> **GOAL OF THE EXERCISE**: Transcribe the data exactly, omitting whatever pictures it holds.

> **MATERIAL PROVIDED**:
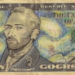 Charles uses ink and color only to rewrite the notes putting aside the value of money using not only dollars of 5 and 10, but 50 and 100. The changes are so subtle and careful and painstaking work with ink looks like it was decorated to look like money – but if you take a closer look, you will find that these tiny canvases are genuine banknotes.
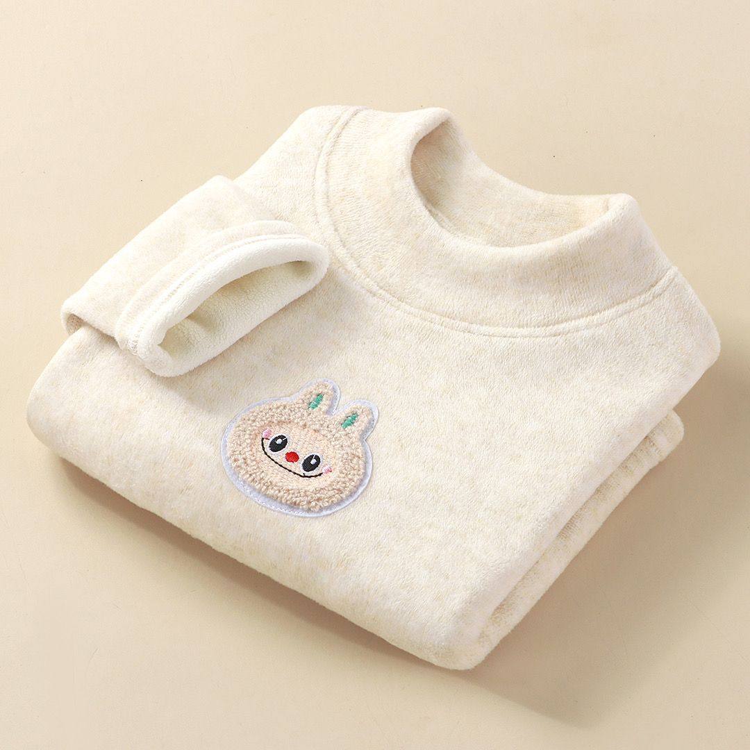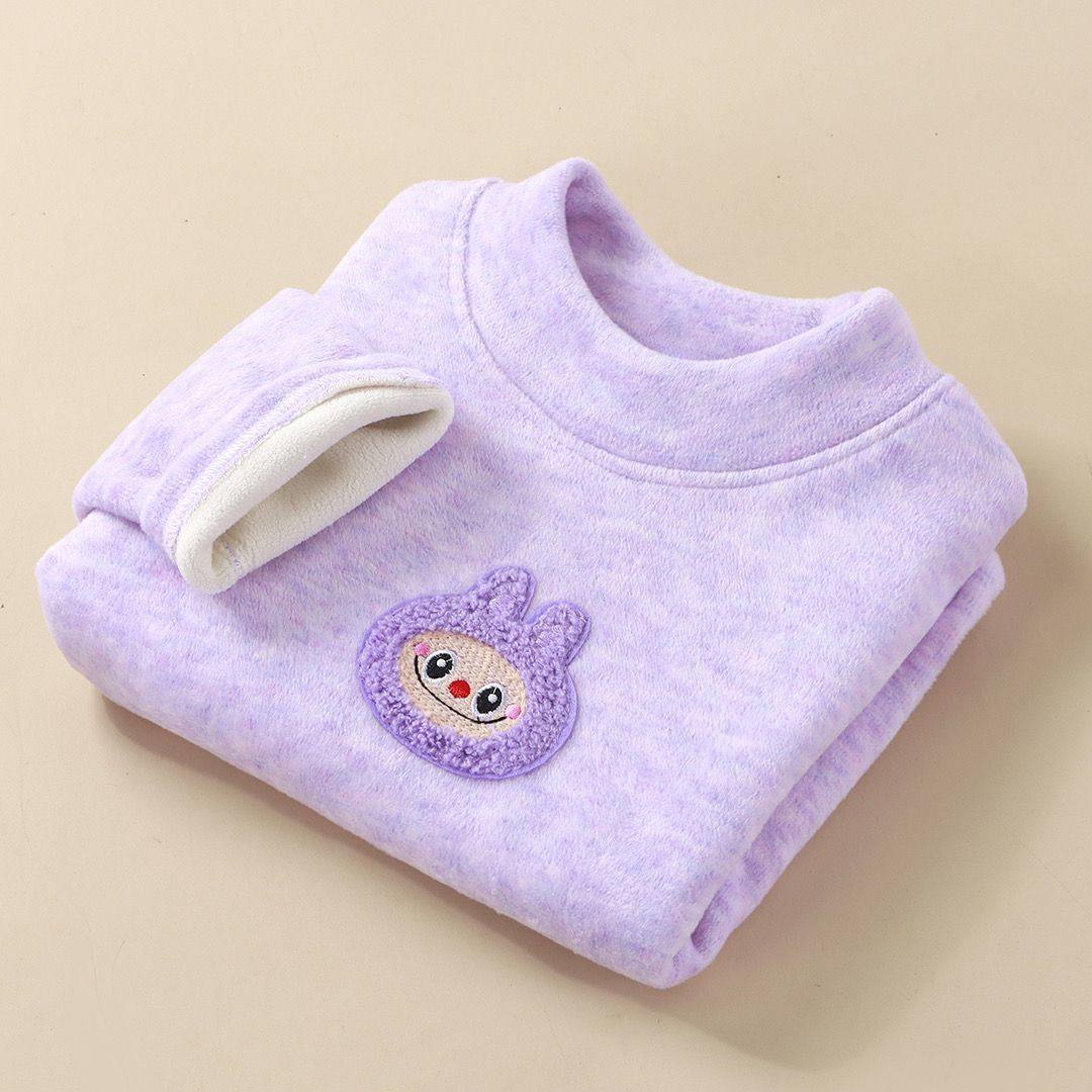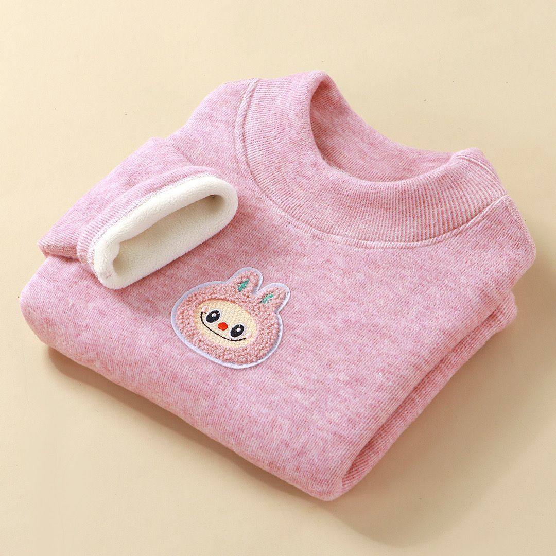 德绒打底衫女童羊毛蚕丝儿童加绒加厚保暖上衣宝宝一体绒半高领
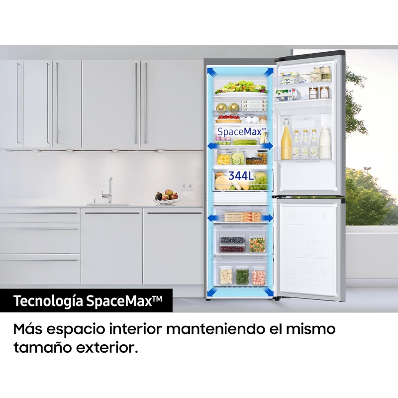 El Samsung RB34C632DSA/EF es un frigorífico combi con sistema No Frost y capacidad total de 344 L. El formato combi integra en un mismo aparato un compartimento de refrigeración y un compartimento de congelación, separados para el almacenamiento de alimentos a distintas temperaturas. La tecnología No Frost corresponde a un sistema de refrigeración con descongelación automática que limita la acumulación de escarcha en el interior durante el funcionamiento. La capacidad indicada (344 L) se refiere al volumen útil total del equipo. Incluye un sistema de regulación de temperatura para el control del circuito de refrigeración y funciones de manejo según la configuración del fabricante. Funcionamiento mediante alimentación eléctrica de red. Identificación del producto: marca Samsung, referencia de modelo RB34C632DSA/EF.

> **RESPONSE**:
 Charles uses ink and color only to rewrite the notes putting aside the value of money using not only dollars of 5 and 10, but 50 and 100. The changes are so subtle and careful and painstaking work with ink looks like it was decorated to look like money – but if you take a closer look, you will find that these tiny canvases are genuine banknotes.
 德绒打底衫女童羊毛蚕丝儿童加绒加厚保暖上衣宝宝一体绒半高领
 El Samsung RB34C632DSA/EF es un frigorífico combi con sistema No Frost y capacidad total de 344 L. El formato combi integra en un mismo aparato un compartimento de refrigeración y un compartimento de congelación, separados para el almacenamiento de alimentos a distintas temperaturas. La tecnología No Frost corresponde a un sistema de refrigeración con descongelación automática que limita la acumulación de escarcha en el interior durante el funcionamiento. La capacidad indicada (344 L) se refiere al volumen útil total del equipo. Incluye un sistema de regulación de temperatura para el control del circuito de refrigeración y funciones de manejo según la configuración del fabricante. Funcionamiento mediante alimentación eléctrica de red. Identificación del producto: marca Samsung, referencia de modelo RB34C632DSA/EF.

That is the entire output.